__Try it__
The part below that opens with the line containing "zero human intervention." and closes with the line containing "Sparkling clean and" should be copied exactly, minus any pictures.

━━ Exercise material ━━

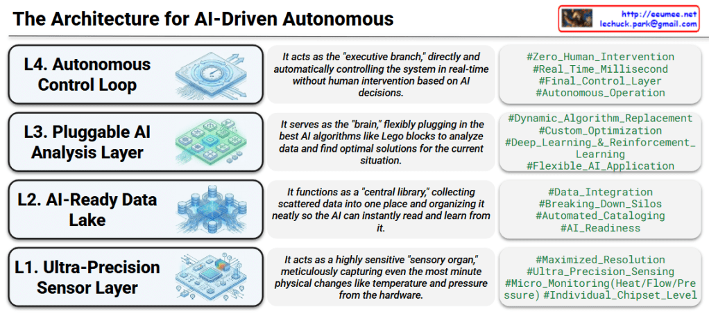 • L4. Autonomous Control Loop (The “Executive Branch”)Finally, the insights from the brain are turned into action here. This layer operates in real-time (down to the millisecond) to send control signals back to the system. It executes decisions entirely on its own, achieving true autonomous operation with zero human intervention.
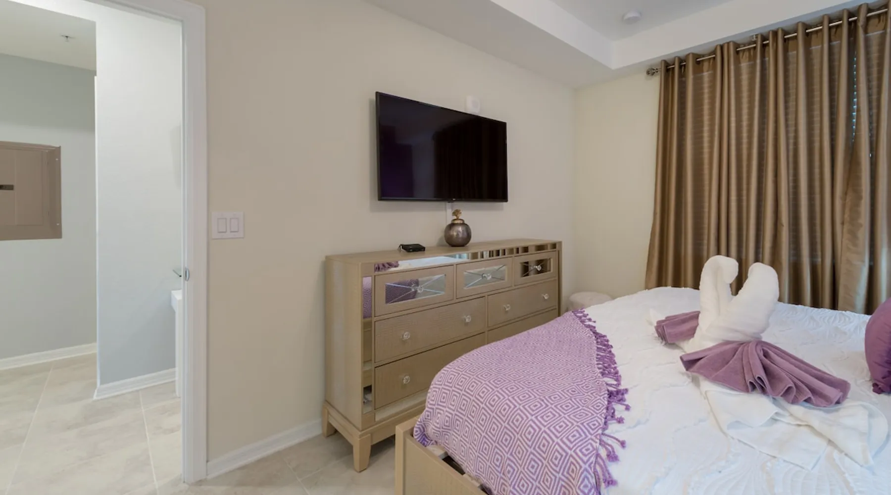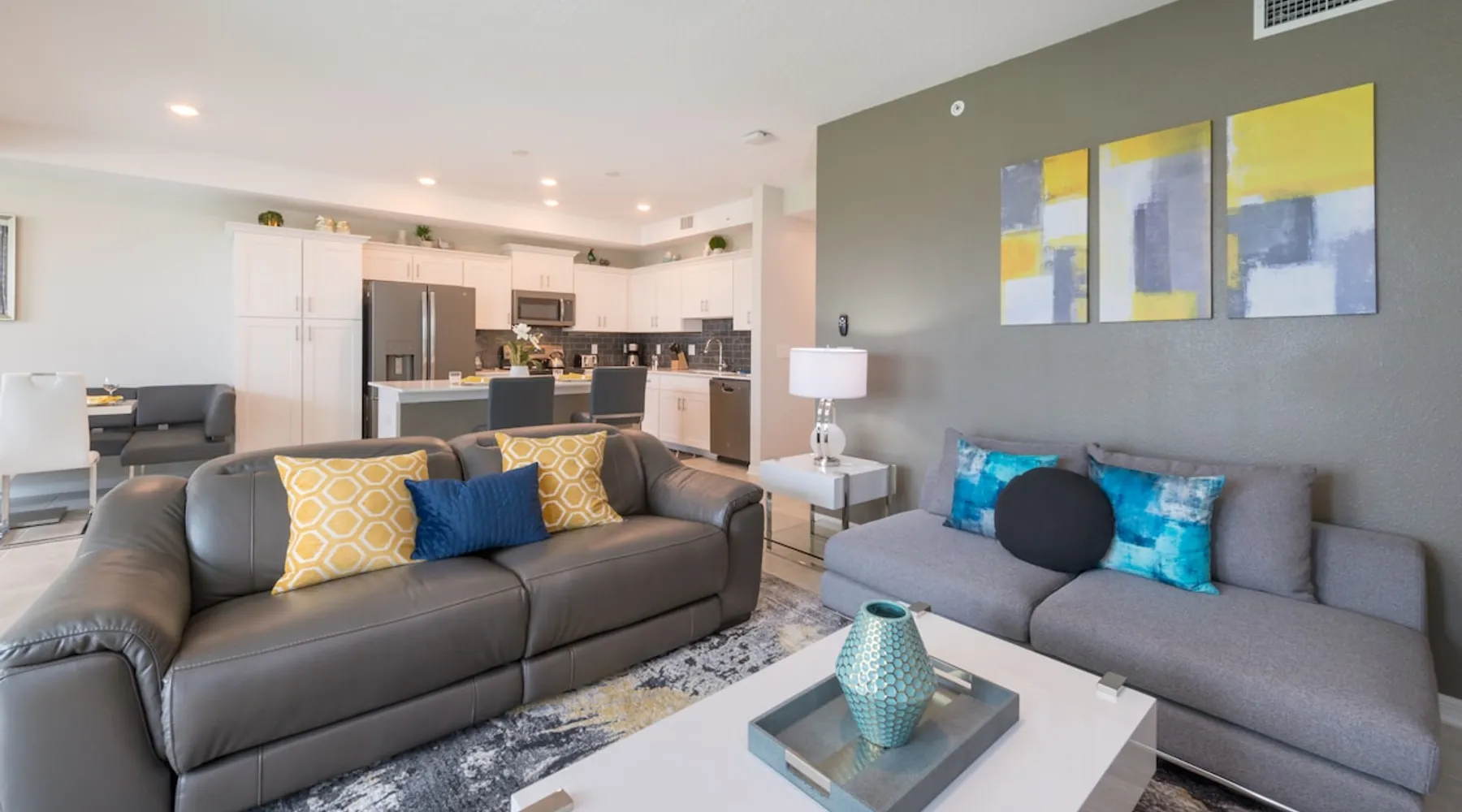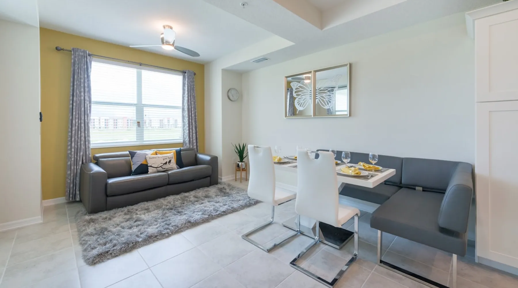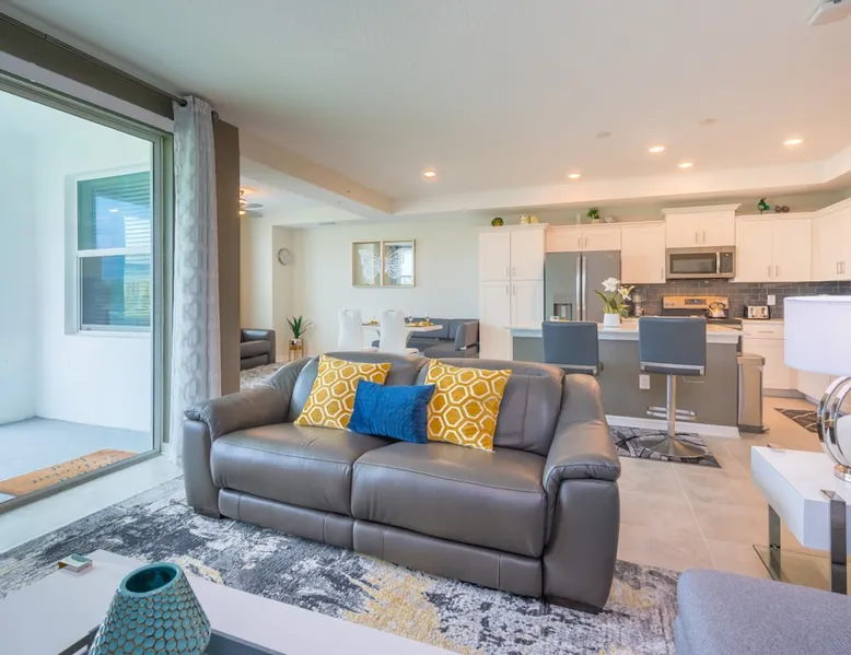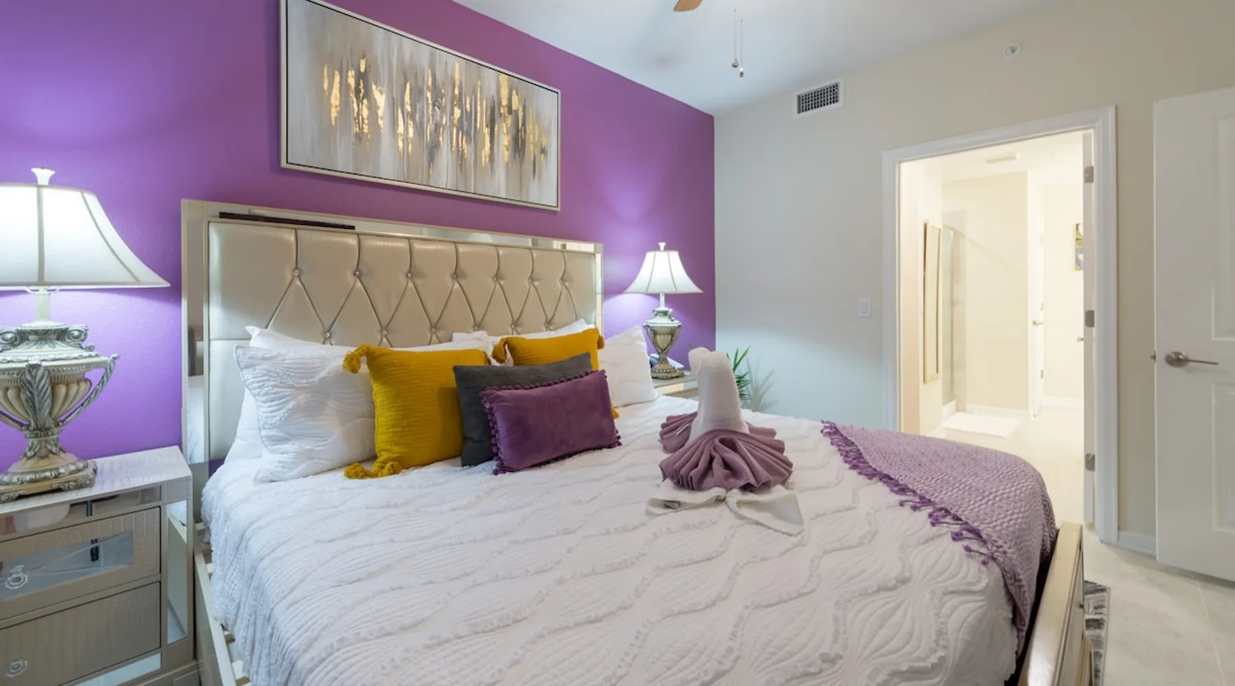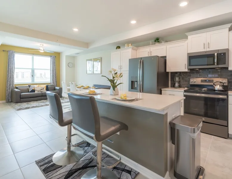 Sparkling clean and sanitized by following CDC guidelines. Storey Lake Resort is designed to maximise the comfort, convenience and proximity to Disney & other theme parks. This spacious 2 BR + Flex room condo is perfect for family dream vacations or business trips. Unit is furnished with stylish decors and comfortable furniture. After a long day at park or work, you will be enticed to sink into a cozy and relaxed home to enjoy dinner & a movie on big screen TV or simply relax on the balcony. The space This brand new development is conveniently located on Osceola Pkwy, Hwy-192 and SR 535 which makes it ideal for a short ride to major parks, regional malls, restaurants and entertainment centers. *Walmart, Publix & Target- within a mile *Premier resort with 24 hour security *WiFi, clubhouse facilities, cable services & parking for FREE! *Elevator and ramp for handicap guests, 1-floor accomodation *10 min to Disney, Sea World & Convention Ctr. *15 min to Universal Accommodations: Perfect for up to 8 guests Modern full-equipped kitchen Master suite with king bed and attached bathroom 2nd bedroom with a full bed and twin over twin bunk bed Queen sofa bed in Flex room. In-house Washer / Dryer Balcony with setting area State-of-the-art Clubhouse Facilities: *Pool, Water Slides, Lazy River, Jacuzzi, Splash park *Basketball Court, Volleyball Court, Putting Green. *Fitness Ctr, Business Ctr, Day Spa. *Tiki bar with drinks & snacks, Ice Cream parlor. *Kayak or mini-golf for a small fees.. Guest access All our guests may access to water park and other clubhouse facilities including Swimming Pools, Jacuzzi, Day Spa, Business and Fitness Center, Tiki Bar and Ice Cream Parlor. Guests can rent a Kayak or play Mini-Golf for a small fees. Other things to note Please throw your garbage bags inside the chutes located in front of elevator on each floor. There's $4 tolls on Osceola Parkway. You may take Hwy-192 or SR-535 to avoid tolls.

━━━
━━ Exercise material ━━

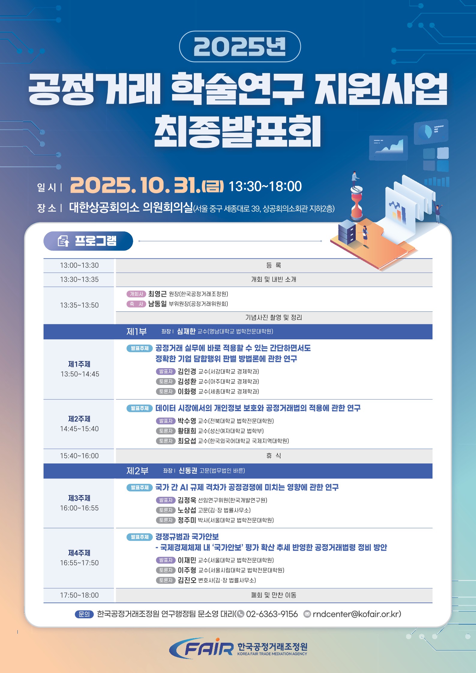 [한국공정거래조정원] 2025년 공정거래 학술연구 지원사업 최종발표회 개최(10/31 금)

━━━

__Written response__
 • L4. Autonomous Control Loop (The “Executive Branch”)Finally, the insights from the brain are turned into action here. This layer operates in real-time (down to the millisecond) to send control signals back to the system. It executes decisions entirely on its own, achieving true autonomous operation with zero human intervention.
 Sparkling clean and sanitized by following CDC guidelines. Storey Lake Resort is designed to maximise the comfort, convenience and proximity to Disney & other theme parks. This spacious 2 BR + Flex room condo is perfect for family dream vacations or business trips. Unit is furnished with stylish decors and comfortable furniture. After a long day at park or work, you will be enticed to sink into a cozy and relaxed home to enjoy dinner & a movie on big screen TV or simply relax on the balcony. The space This brand new development is conveniently located on Osceola Pkwy, Hwy-192 and SR 535 which makes it ideal for a short ride to major parks, regional malls, restaurants and entertainment centers. *Walmart, Publix & Target- within a mile *Premier resort with 24 hour security *WiFi, clubhouse facilities, cable services & parking for FREE! *Elevator and ramp for handicap guests, 1-floor accomodation *10 min to Disney, Sea World & Convention Ctr. *15 min to Universal Accommodations: Perfect for up to 8 guests Modern full-equipped kitchen Master suite with king bed and attached bathroom 2nd bedroom with a full bed and twin over twin bunk bed Queen sofa bed in Flex room. In-house Washer / Dryer Balcony with setting area State-of-the-art Clubhouse Facilities: *Pool, Water Slides, Lazy River, Jacuzzi, Splash park *Basketball Court, Volleyball Court, Putting Green. *Fitness Ctr, Business Ctr, Day Spa. *Tiki bar with drinks & snacks, Ice Cream parlor. *Kayak or mini-golf for a small fees.. Guest access All our guests may access to water park and other clubhouse facilities including Swimming Pools, Jacuzzi, Day Spa, Business and Fitness Center, Tiki Bar and Ice Cream Parlor. Guests can rent a Kayak or play Mini-Golf for a small fees. Other things to note Please throw your garbage bags inside the chutes located in front of elevator on each floor. There's $4 tolls on Osceola Parkway. You may take Hwy-192 or SR-535 to avoid tolls.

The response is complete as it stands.